1923 film by Sam Wood

Prodigal Daughters is a 1923 American silent societal drama film produced by Famous Players–Lasky and distributed through Paramount Pictures. The film stars Gloria Swanson and was directed by Sam Wood. It is based on a novel of the same name by Joseph Hocking.

==Plot==
As described in a film magazine review, Swifty Forbes becomes a flapper when her father J.D. Forbes becomes rich during the War.
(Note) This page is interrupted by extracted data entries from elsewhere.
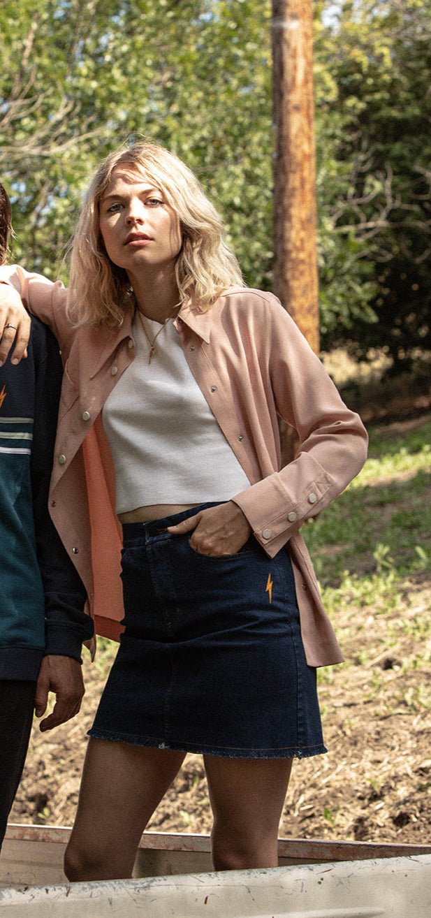 Esta saia icónica combina o estilo intemporal do denim com o toque distintivo do Raio: uma homenagem à nossa herança dos anos 70 e estilo descontraído. Com dois bolsos frontais e um detalhe bordado do Raio no lado esquerdo, a peça é finalizada com uma bainha desfiada.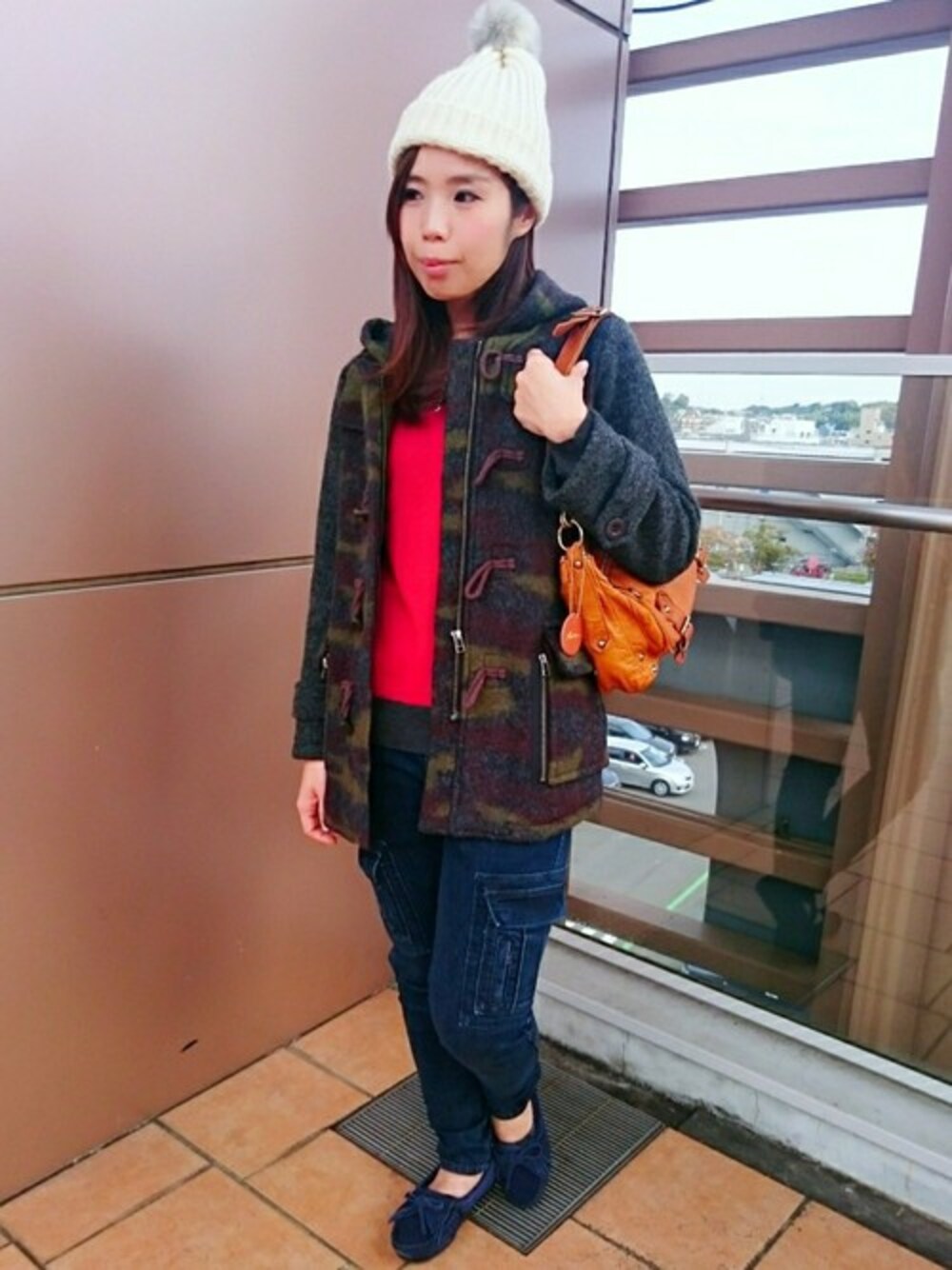 ダッフルコートの色が迷彩色って珍しいです☆差し色に赤のニットで合わせました♪デニムカーゴのパンツも履きやすくておすすめですょ☆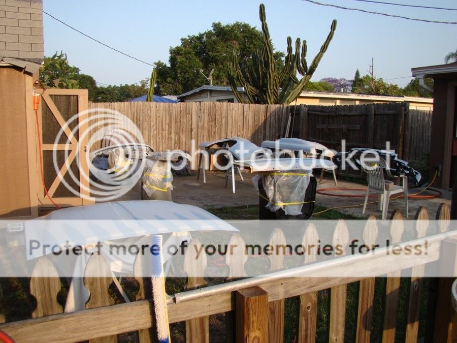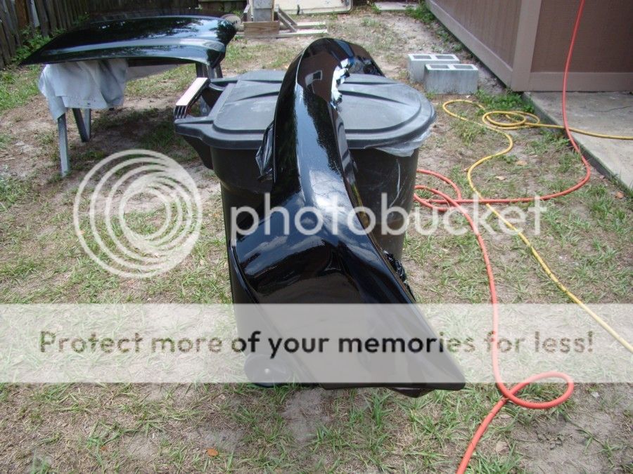 After letting the basecoat set up for 45 minutes I went ahead and shot three coats of clear over the top of the color. More trouble!!! 20 minutes after the last coat of clear went on the first rain drops started to fall. It was a mad scramble to get the Mustang out of the car port and then hustle the still wet panels under cover. The hood, the rear bumper, and the front bumper cover all have some pock marks from the rain. I am pretty sure they will all buff out fine but that remains to be seen in a few days. The rear quarter panels were not as bad and should be good to go after color sanding and buffing.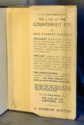 The original first edition dust jacket is very elusive. This jacket is a good plus specimen, but even so, rare and extremely desirable. (The jacket should have restoration done by a professional archivist and a clamshell case made to protect this rarity. I?m the event this book is unsold this will be done) From our research even Gardner had difficulty in obtaining a jacketed copy. Ten or eleven copies in jackets are in various institutions. This copy was part of the collection of The Erie Stanley Gardner Museum in Ventura, California where Gardner wrote for the pulp magazines, practiced law, and penned the first two Perry Mason mystery books.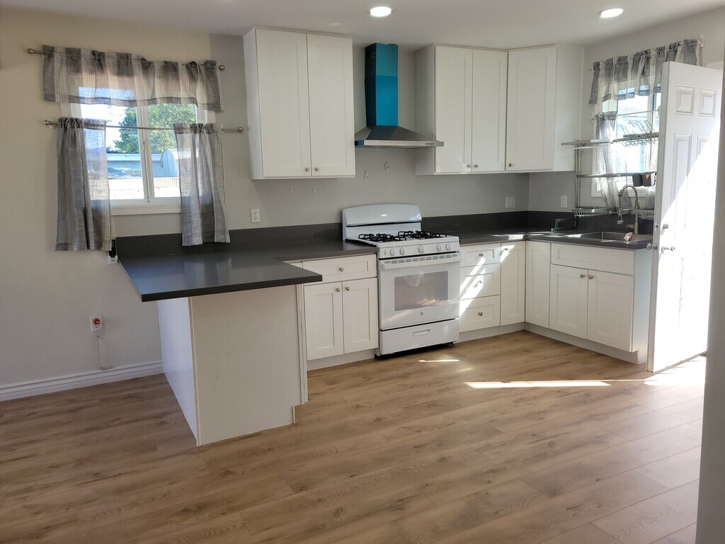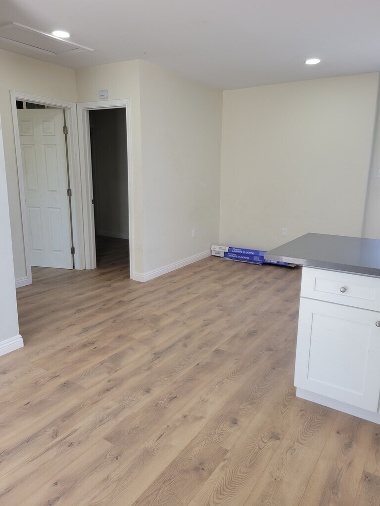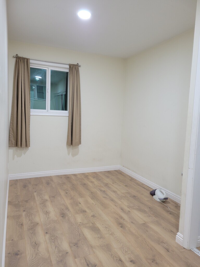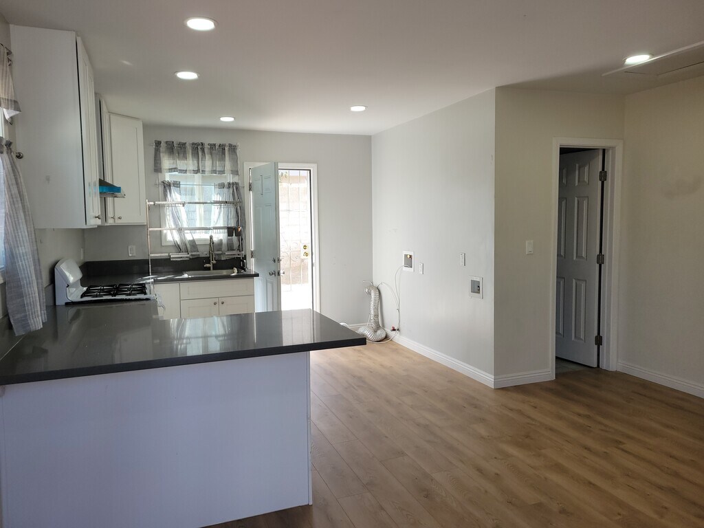 A 500sf guest house with 1 bedroom, 1 home office bonus room, a full shower bathroom is located in the back half of a large property, so it includes a private huge fence backyard of est. 500 sf concrete area and est. 1000 sf open yard. Its modern and remodeled about 3-4 yrs ago. Show only by appointment. The open full-size kitchen comes with lots of cabinets and a U-shaped stone countertop. Additional comfortable features includes new premium wood flooring, quiet & powerful 12000BTU split AC system for AC and heating, low-e dual-pane windows, complete recessed LED lights, gas range stove with exhaust fan, a large rectangle stainless-steel kitchen sink with garbage disposal, washer & dryer hookups, and space ready for refrigerator with ice line. No dishwasher. The full bathroom is fully tiled with marble. Both rooms have full size mirrored closet. It's ideal for 1-2 persons. The bonus room is perfect for home office, storage, or any functional uses. One parking is available by the front of the house. Street parking available for additional cars. Its location has easy access to Fwy 605 then northbound to 91 & 5 and southbound to 405 and 22. Close to lots of shopping & dining. Utilities not included.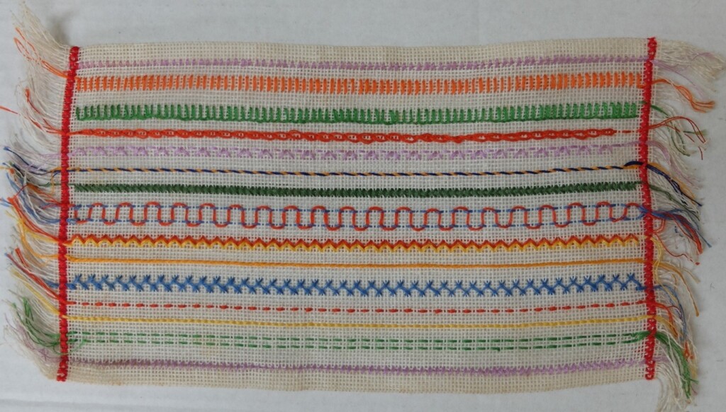 Uit een stapeltje proeflapjes viste ik het lapje waar ik zelf een zwak voor heb: een oefenlapje met borduursteken.

She lives a life of unrestrained pleasure and is loved by Roger Corbin, an aviator, and Stanley Garside, a gambler. Her sister Marjory follows the same trail and, when their father protests, they leave home to lead their own lives in Greenwich Village. Forbes, the father, in despair leaves the business in the hands of the young Corbin. Swifty loses all her money in Garside's card room and plays the cards for the cancelation of her debt against her marriage to Garside. She loses and must marry Garside within sixty days. While in the cabin of a new locomotive produced at her father's works, the thing starts and kills Garside, who was in an automobile. She ends up rescued by Corbin, who goes after her in an airplane and the two marry.

==Production==
Some portions of this film were shot in Swanson's own palatial Hollywood mansion. A young and then unknown Mervyn LeRoy appears unbilled as a newsboy. He later directed Swanson in her early talkie Tonight or Never.

==Preservation==
With no prints of Prodigal Daughters located in any film archives, it is a lost film.